30 November 2006

Antikythera Mechanism

Again this is hardly hot news as such but it seems to have made the papers today , including the Guardian and the Independent . It would seem that scientists have finally worked out how the 2,000-year-old mechanical device salvaged from a Roman shipwreck operates.

The machine, which dates to 65BC, was found on a shipwreck in 1900 by sponge diver, Elias Stadiatos. Since its discovery, scientists have been trying to reconstruct the device, which is now known to be an astronomical calendar capable of tracking the position of the sun, several heavenly bodies and the phases of the moon. Experts believe it to be the earliest-known device to use gear wheels and by far the most sophisticated object to be found from the ancient and medieval periods.

Using modern computer x-ray tomography and high resolution surface scanning, a team peered inside fragments of the crust-encased mechanism and read inscriptions that once covered the outer casing of the machine. Detailed imaging of the mechanism suggests it dates back to 150-100 BC and had 37 gear wheels enabling it to follow the movements of the moon and the sun through the zodiac, predict eclipses and even recreate the irregular orbit of the moon. The motion, known as the first lunar anomaly, was developed by the astronomer Hipparcus of Rhodes in the 2nd century BC and he may have been consulted in the machine's construction, the scientists speculate.

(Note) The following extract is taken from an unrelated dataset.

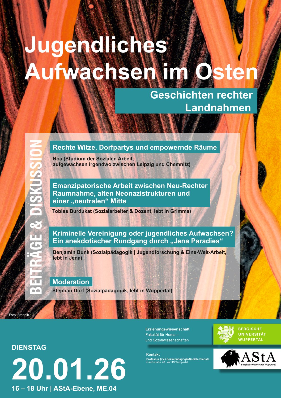 Wie wachsen Jugendliche in einem von krassen politischen Widersprüchen geprägten Umfeld auf? Was charakterisiert lokale Sozialisationsräume im Osten? Wie ist gute Sozialpädagogik möglich? Diesen Fragen wollen wir uns über lokale Geschichten aus dem Alltag an diesem Abend nähern. Wir freuen uns aufeinander Zuhören und die gemeinsame Diskussion.
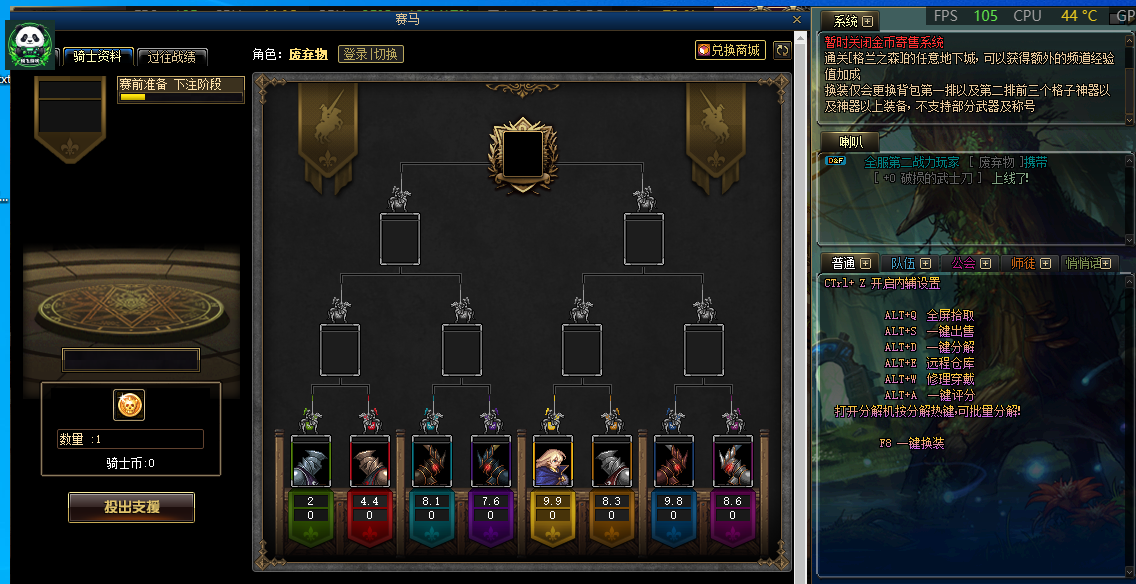 地下城与勇士86雷光赌马服可以赌马赢人民币;进Q群914793166 满100人开服

Remarkably, scans showed the device uses a differential gear, which was previously believed to have been invented in the 16th century. The level of miniaturisation and complexity of its parts is comparable to that of 18th century clocks. One of the remaining mysteries is why the Greek technology invented for the machine seemed to disappear. No other civilisation is believed to have created anything as complex for another 1,000 years. One explanation could be that bronze was often recycled in the period the device was made, so many artefacts from that time have long ago been melted down and erased from the archaeological record.

Although the news story tells us a little more of what was already suspected, I am so glad that the casing inscription doesn’t say “Property of Blurgon, Omicron Persei 8”. Erich Von Daniken would have been insufferable if it did!


Steve Bates said...

Fascinating and amazing. I suppose there's no possibility the thing is a fake, or incorrectly dated? Presuming it's for real (and at this point, I do), I stand in awe of whoever conceived of, designed and (especially) constructed it. Most examples I've seen of similar devices were made in the 18th century.

(Blogger bombed on my first attempt; please forgive me if this is a double-post.)

jams o donnell said...

It doesn't seem to be a fake - if it is then it is an exellent one. What is evident, whether this is a fake or not, is that ancient humans were far more skilled than they were given credit. That's why arseholes like von Daniken could spout his brand of bullshit.